One thing that has surprised me, is the number of commentators, fans and analysts who have been proposing teams hold off using their best starter in a potential elimination game in order to deploy them at a later date. I think the first example I saw of this was Joe Sheehan criticizing the Red Sox (subscription required) for bringing Jon Lester back on short rest to pitch game 162 against the Orioles, something I touched on in an earlier column. Sheehan’s argument seemed to be that winning that game would be meaningless if they then went on to lose their 163rd game against the Rays and missed the playoffs. While this is a true statement in and of itself, it completely overlooks the salient fact that the Red Sox stood a much better chance of there being a game 163 at all by finding a way to win against the Orioles.

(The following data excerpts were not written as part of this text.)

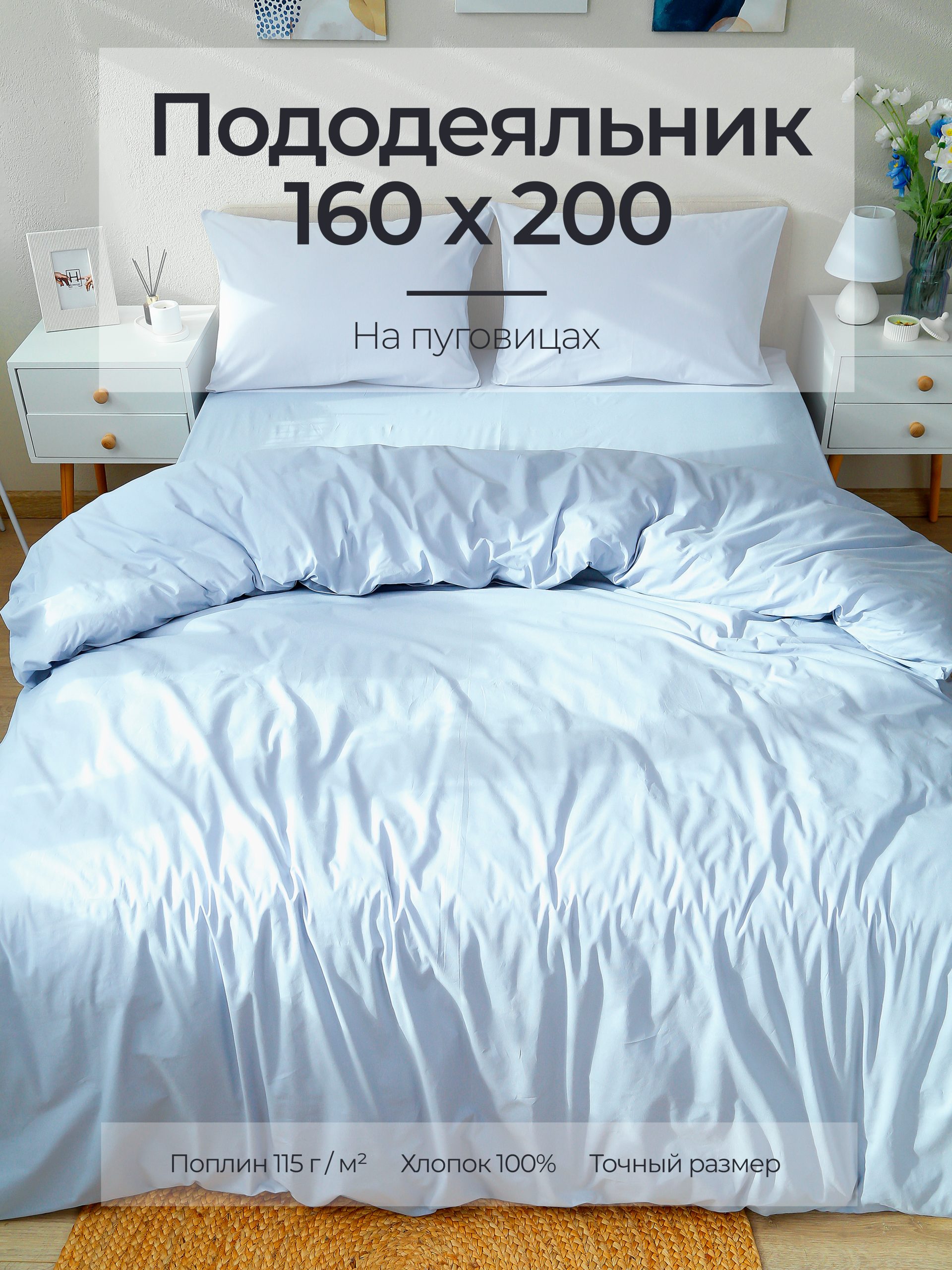 Натуральный пододеяльник 160х200 из гладкого поплина (100% хлопок) — лёгкий, дышащий и практичный. Идеален для повседневного использования: не электризуется, не вызывает раздражений, хорошо стирается и быстро сохнет.
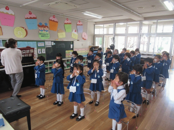 待ちに待った幼稚園に、少し大きめの制服に袖を通した新入園児の子どもたちが登園してきました♪
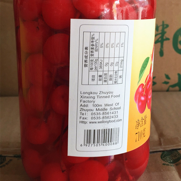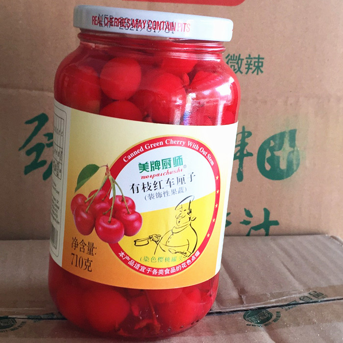 Baking Raw Material Red Cherry Canned Beauty chefs with branches red green carts 710g decorative fruits and vegetables
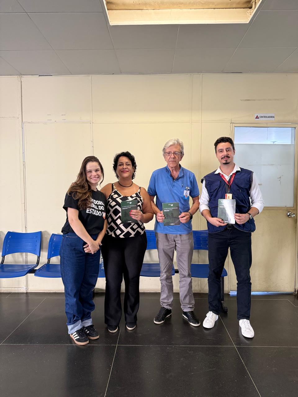 Durante a visita, estiveram presentes Diogo de Vasconcelos, ouvidor de Fazenda, Patrimônio Público e Licitações; Carolyne Oliveira, coordenadora da Ouvidoria Móvel; e Marcella Fabrini, da Assessoria de Comunicação da OGE.
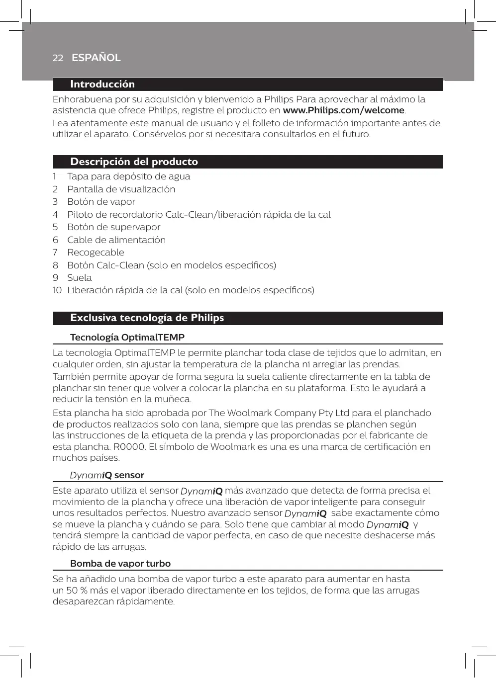 Tecnología OptimalTEMP La tecnología OptimalTEMP le permite planchar toda clase de tejidos que lo admitan, en cualquier orden, sin ajustar la temperatura de la plancha ni arreglar las prendas. También permite apoyar de forma segura la suela caliente directamente en la tabla de planchar sin tener que volver a colocar la plancha en su plataforma. Esto le ayudará a reducir la tensión en la muñeca. Esta plancha ha sido aprobada por The Woolmark Company Pty Ltd para el planchado de productos realizados solo con lana, siempre que las prendas se planchen según las instrucciones de la etiqueta de la prenda y las proporcionadas por el fabricante de esta plancha. R0000. El símbolo de Woolmark es una es una marca de certificación en muchos países. sensor Este aparato utiliza el sensor más avanzado que detecta de forma precisa el movimiento de la plancha y ofrece una liberación de vapor inteligente para conseguir unos resultados perfectos. Nuestro avanzado sensor sabe exactamente cómo se mueve la plancha y cuándo se para. Solo tiene que cambiar al modo y tendrá siempre la cantidad de vapor perfecta, en caso de que necesite deshacerse más rápido de las arrugas. Bomba de vapor turbo Se ha añadido una bomba de vapor turbo a este aparato para aumentar en hasta un 50 % más el vapor liberado directamente en los tejidos, de forma que las arrugas desaparezcan rápidamente.
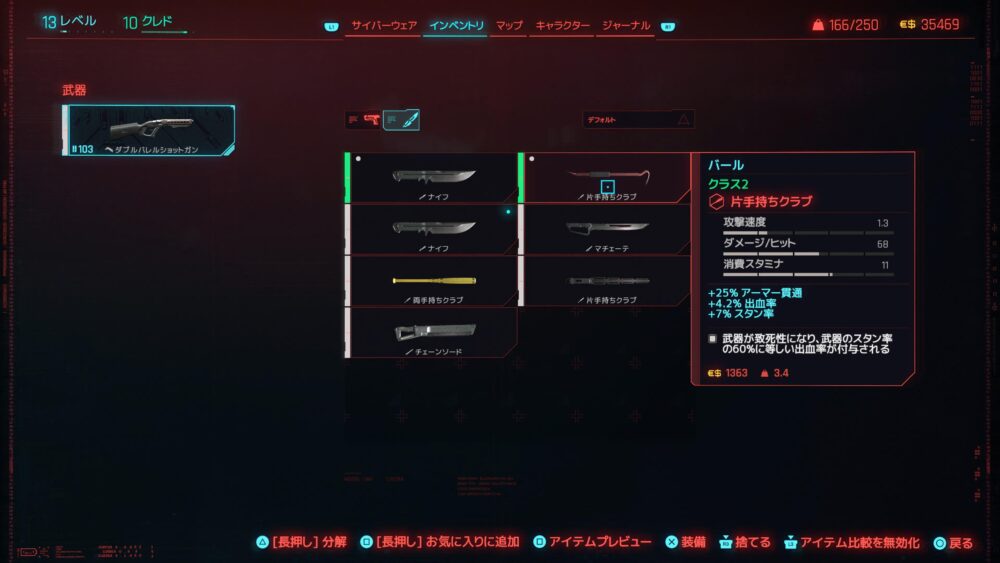 使ってる武器はバールと、両手持ちクラブ。バールはレアリティが高いけど致死性になっちゃうらしいです。そりゃそうだ。
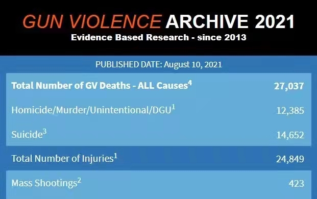 美国枪支暴力档案网(GVA)的最新统计数据显示,截至当地时间8月10日,今年以来全美(不包括自杀在内的)各类枪支暴力事件已导致超过1.2万人丧生;造成四人以上伤亡的大规模枪击案已发生423起。

A similar situation came up again recently when Danny Knobler defended the Tigers decision to hold off on moving Justin Verlander’s next start up from game 5 to game 4 after falling behind 2-0 to the Rangers. Knobler’s explanation was ‘if you’re down 3-0, you still need to win 4 straight and Verlander can only win one of those games’. Obviously after Doug Fister’s performance last night the Tigers have got themselves a foothold in the series and aren’t in a 3-0 hole after all, but I still believe this statement overlooks a similar salient point to the one missed by Sheehan. Yes, Verlander might only be able to win you one of those 4 hypothetical games, but all other things being equal, I’d want him winning game 4, otherwise games 5, 6 and 7 might not even happen.

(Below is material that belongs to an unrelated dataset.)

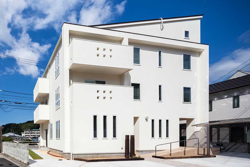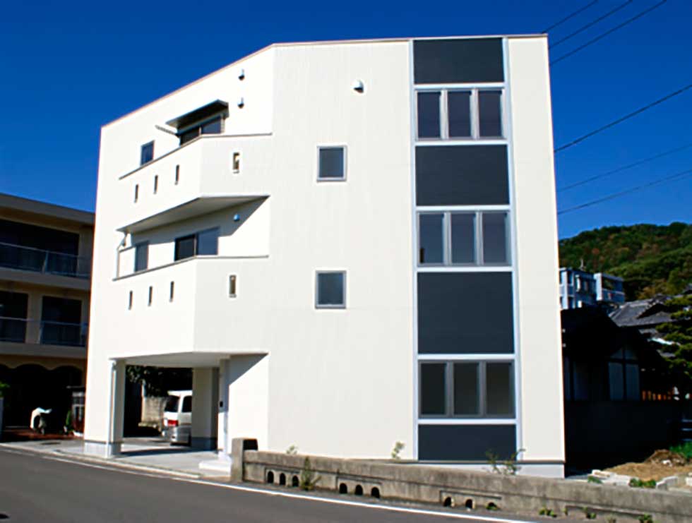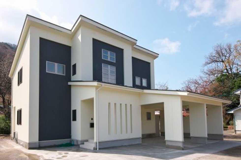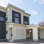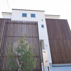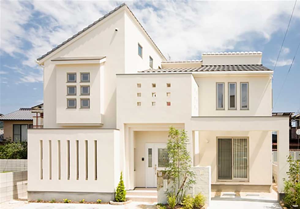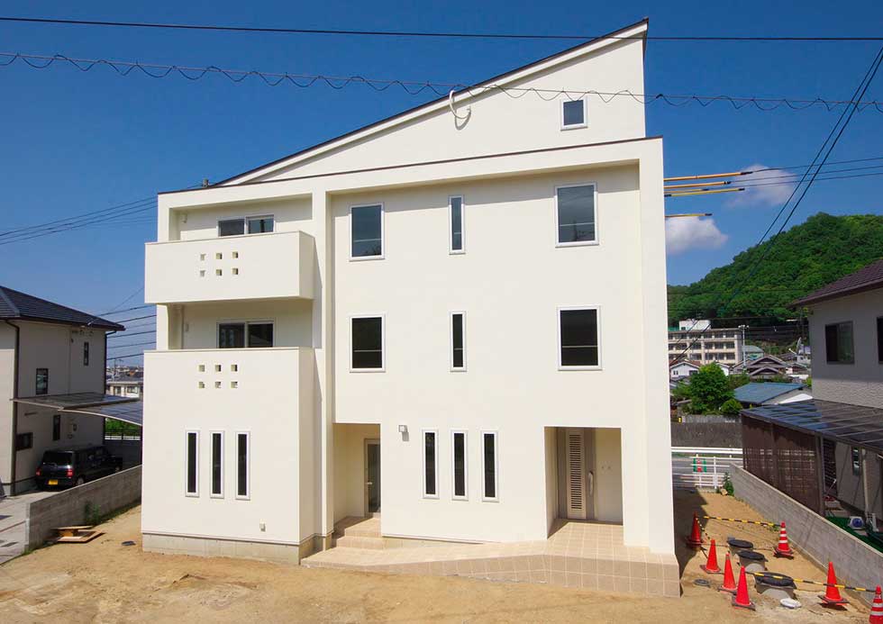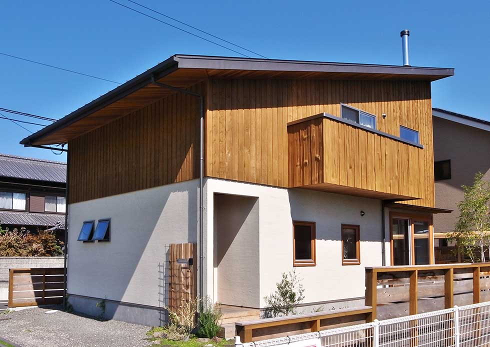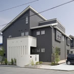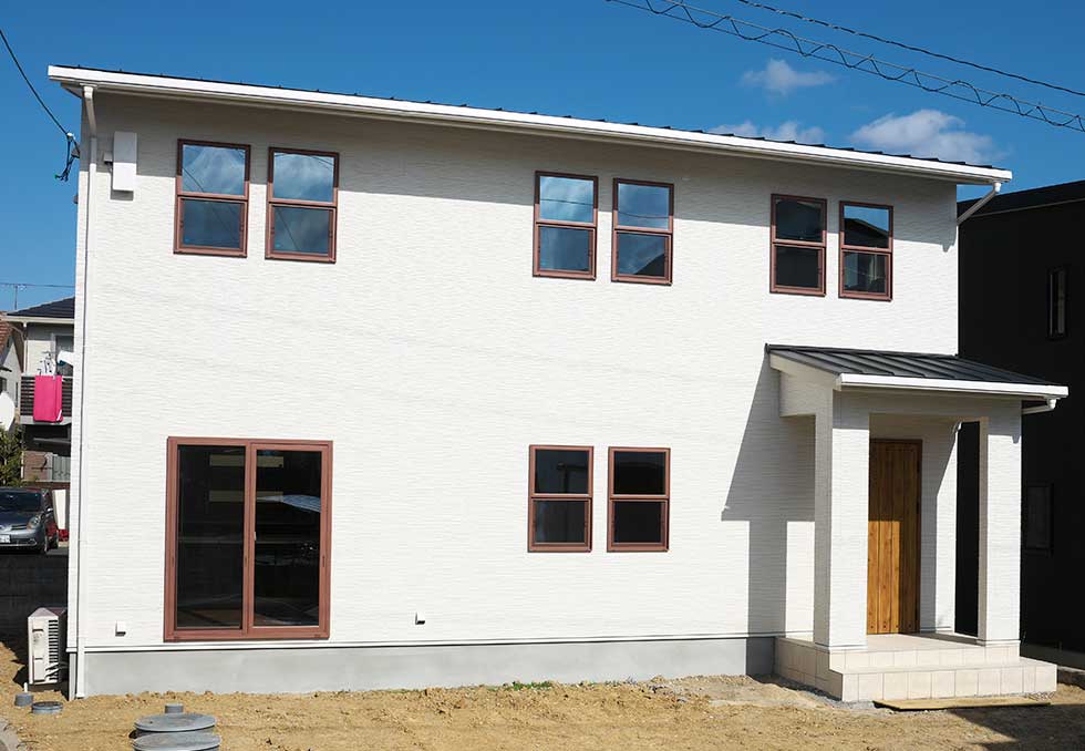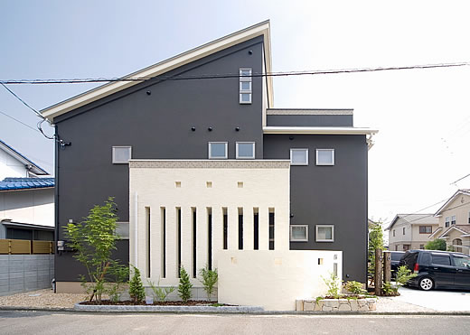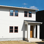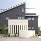 松山市富久町の物件です 地中熱利用の熱交換換気システムと樹脂サッシ、そして高気密、高断熱に加え 遮熱シートで家全体を覆っている為非常に熱効率の良い住宅となっております 南北に長い敷地の為、道路と反対側に中庭を設けて各部屋への採光を確保しています、建物外壁に凹凸を付ける事で建物表情に変化を付けています

Now I’ll gladly acknowledge that Knobler points out that Verlander might not be effective on short rest after throwing 82 pitches in a rain affected game 1, but the idea of holding pitchers off to pitch in games that might not happen because, hey, we still have to win those games eventually, is just illogical to me. Getting yourself into a position where those games actually get scheduled is far, far more important. If you have to throw you’re 5th starter out there in later games a result or even make it a bullpen game, that’s fine. In that situation you still have a chance to progress. But you have to go all out to get there. If you’re on the brink, every game is a game 7 and should be played as such.

There is one caveat I should point out and Knobler also covered to some extent. The issue of pitcher effectiveness on short rest has to be looked at and taken into account. If there is a risk of injury or lessened performance from your ace, you may well be better served by sending a less talented arm to the mound. This point was well expounded on by Dave Cameron over at FanGraphs yesterday where he laid out the various probabilities involved.

My point really comes down to my complete opposition to teams holding a pitcher back on the basis that there are future games that also need winning. This is no different to holding back your closer to pick up a save in an extra innings game rather than getting him in early to keep the game scoreless. That save opportunity might never come, just as those playoff games might never be scheduled.